Friday, July 13, 2007

Dead Animals and Literature

I did whatever it is I do at the Wyoming Writers Conference in beautiful Thermopolis, Wyoming, last week. Mostly, I told people who live in small towns in a state with no known connections to the rest of the country how to break into the movie business. It’s been done, but winning the Food Network pie competition is more likely.
Anyway, they had me stay at the Holiday Inn in Thermopolis, home of a thousand dead animals. Hundreds anyway. Every inch of wall space and every nook of floor space is covered by something dead — hundreds of elk, deer, antelope, fish of every sort. Pythons, rattlesnakes, and vipers. Several gorillas, a rhinoserus, lions, tigers, and bears, oh my. Maybe twenty jackalopes.
Taxidermists are known for their sense of humor. Besides the jackalope, you’ve got pikealope, bassalope, fur bearing trout, and rattlesnakes with feet. My favorite is the Wyoming werewolf. You take a set of coyote teeth and jam them into asshole of a deer. The tail is the nose, and glass eyes are implanted in the butt cheeks. It works best with a white-tailed deer. Looks like a muff with rabies.
The literature on the place says the animals were “harvested” by the owner and his family.

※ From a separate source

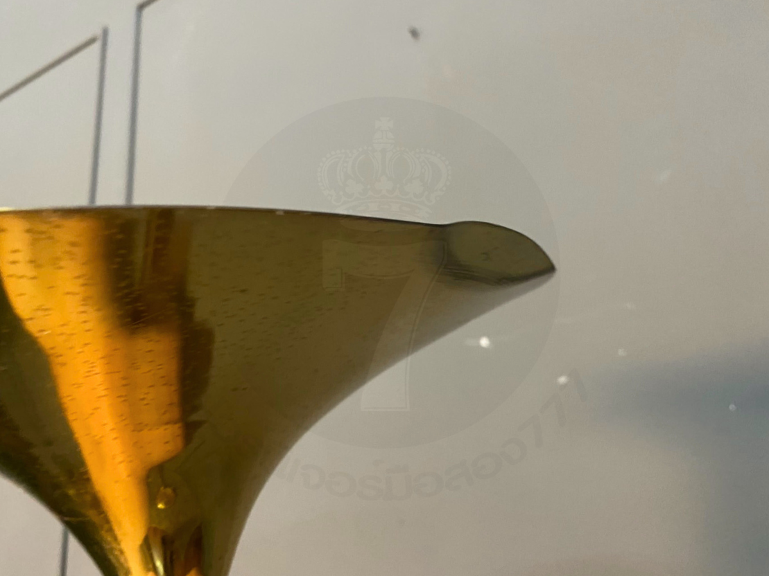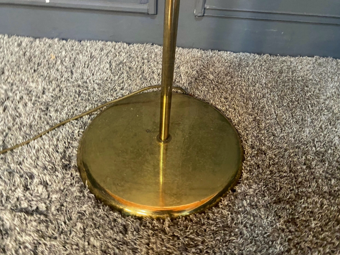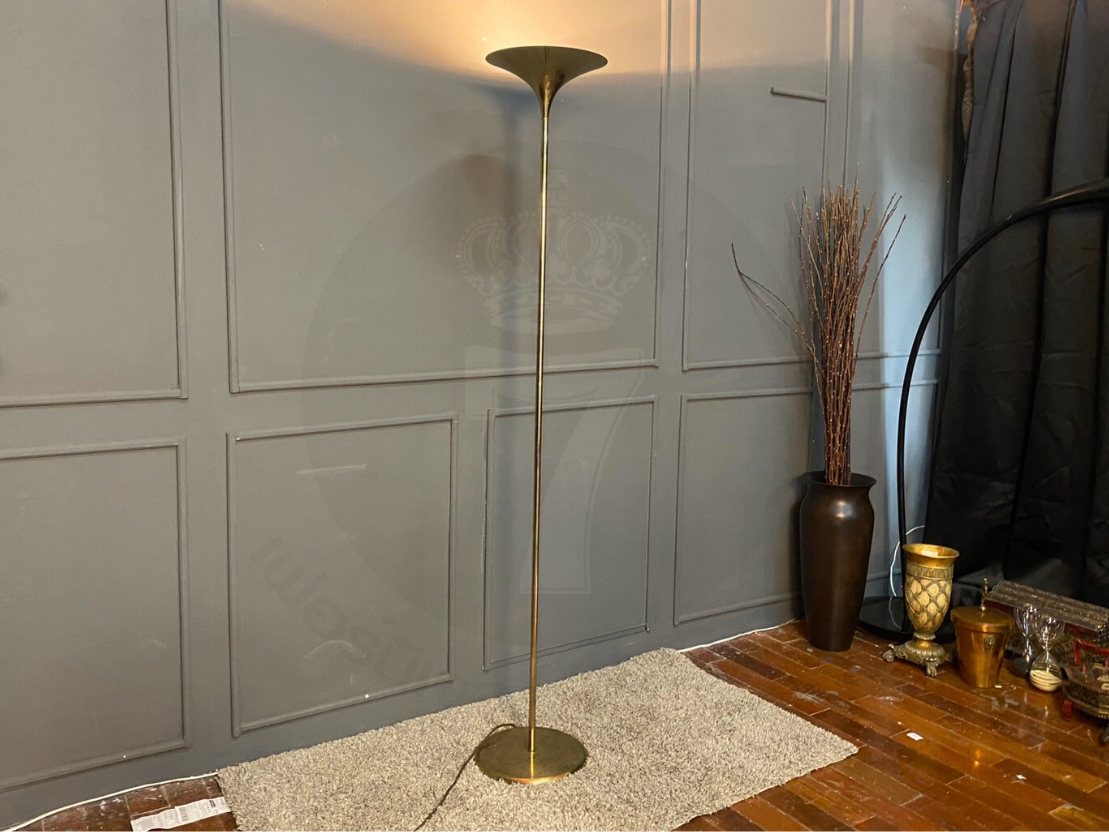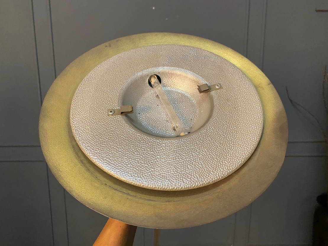 โคมไฟตั้งพื้น สแตนเลสสีทอง ฐานแผ่นเหล็ก ปรับ ความสว่างของไฟได้ (ตำหนิโป๊ะมีรอยบิ่นตามภาพ)
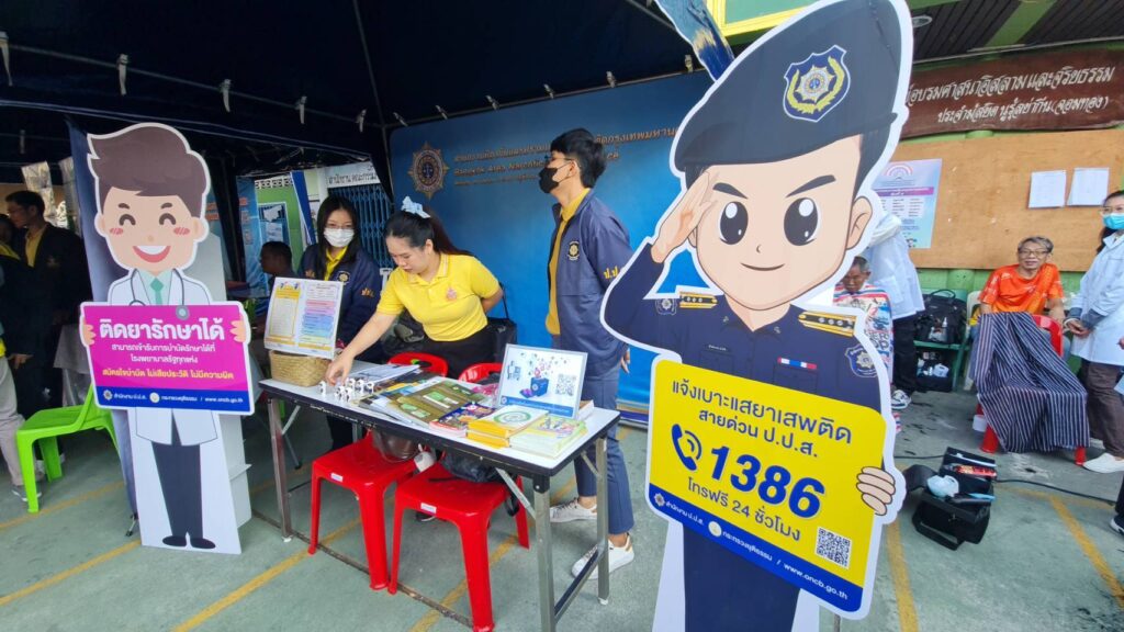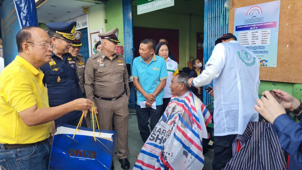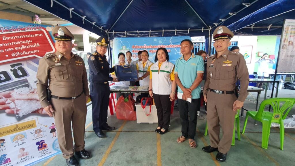 เมื่อเวลา 09.30 น.วันที่ 23 ธ.ค.พ.ต.อ.ภัสพงษ์ บุตรไทย รอง ผบก.น.8 พร้อมด้วย นายอำนาจ เหล่ากอที ผอ.ป.ป.ส.กทม., พ.ต.อ.สนชัย พูนผล ผกก.สน.บางมด พร้อมเจ้าหน้าที่ผู้แทน กทม., ป.ป.ส.กทม., ผู้แทนสำนักอนามัย กทม. และหน่วยงานที่เกี่ยวข้อง ร่วมกันลงพื้นที่ทำกิจกรรมรณรงค์ประชาสัมพันธ์สร้างการรับรู้ การเข้าใจให้แก่ประชาชนเพื่อป้องกันและแก้ไขปัญหายาเสพติดชุมยั่งยืน แก้ไขปัญหายาดสพติดในชุมชน ณ.ชุมชน มัสยิดนูรุ้ลยากีน ซอยสุขสวัสดิ์ 14 แขวงและเขตจอมทอง กทม. โดยมีชาวบ้านที่อาศัยในชุมชนกว่า 30 คน เข้าร่วมกิจกรรม นอกจากนี้ยังมีการจัดกิจกรรมให้บริการตัดผม-เสริมสวยฟรี ของโครงการฝึกอาชีพ สำนักงานเขตบางคอแหลม

When harvested means killed, language has gone to hell. We harvest corn. Green peppers. I could even let them slide on pigs and sheep, but a wild animal? You kill a wild animal, you don’t harvest it.
The government, of course, is the best at coming up with nice ways to say kill. After extensive contact with the Forest Service, I came up with this list: crop, take, thin, harvest, suppress, put down, subdue, repress, extinguish, censor, localize, secure, bridle, limit, check, clear, pacify, reduce, cull, trim, adjust, manage, regulate, lose, and maintain population objectives. Then there’s the good old collateral damage, which means killing innocent bystanders. They use that one for people.